> [WHAT YOU ARE ASKED TO DO]:
With the pictures excluded, reproduce all of the data exactly.

── GIVEN INFORMATION

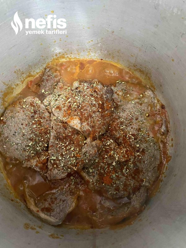 - Yaptığımız sosu döküyoruz, üzerinde etleri yerleştiriyoruz ve sıcak su ek edip ağzını kapatıyoruz.
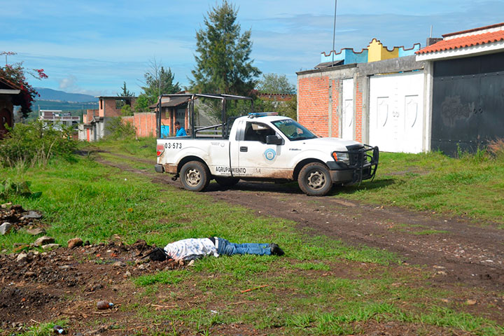 El cadáver de un hombre baleado fue encontrado en un rÃo de aguas negras, mismo que está ubicado en un camino de terracerÃa entre las localidades de CoÃntzio y San Juanito ItzÃcuaro, pertenecientes a este municipio, hasta donde se trasladó el personal de la SubprocuradurÃa Regional de Justicia para lo conducente.
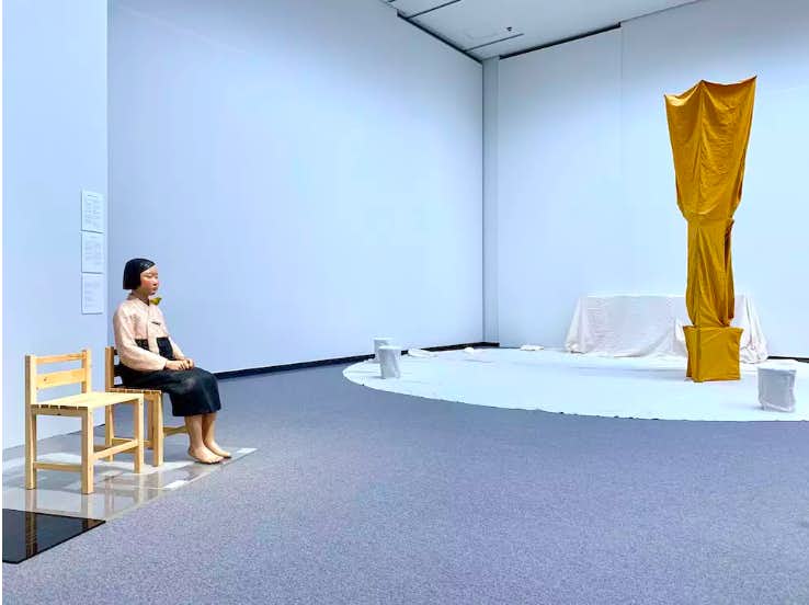 「表現の不自由展・その後」の展示風景より、左が《平和の少女像》

────

> [OUTPUT OF THE EXERCISE]:
 - Yaptığımız sosu döküyoruz, üzerinde etleri yerleştiriyoruz ve sıcak su ek edip ağzını kapatıyoruz.
 El cadáver de un hombre baleado fue encontrado en un rÃo de aguas negras, mismo que está ubicado en un camino de terracerÃa entre las localidades de CoÃntzio y San Juanito ItzÃcuaro, pertenecientes a este municipio, hasta donde se trasladó el personal de la SubprocuradurÃa Regional de Justicia para lo conducente.
 「表現の不自由展・その後」の展示風景より、左が《平和の少女像》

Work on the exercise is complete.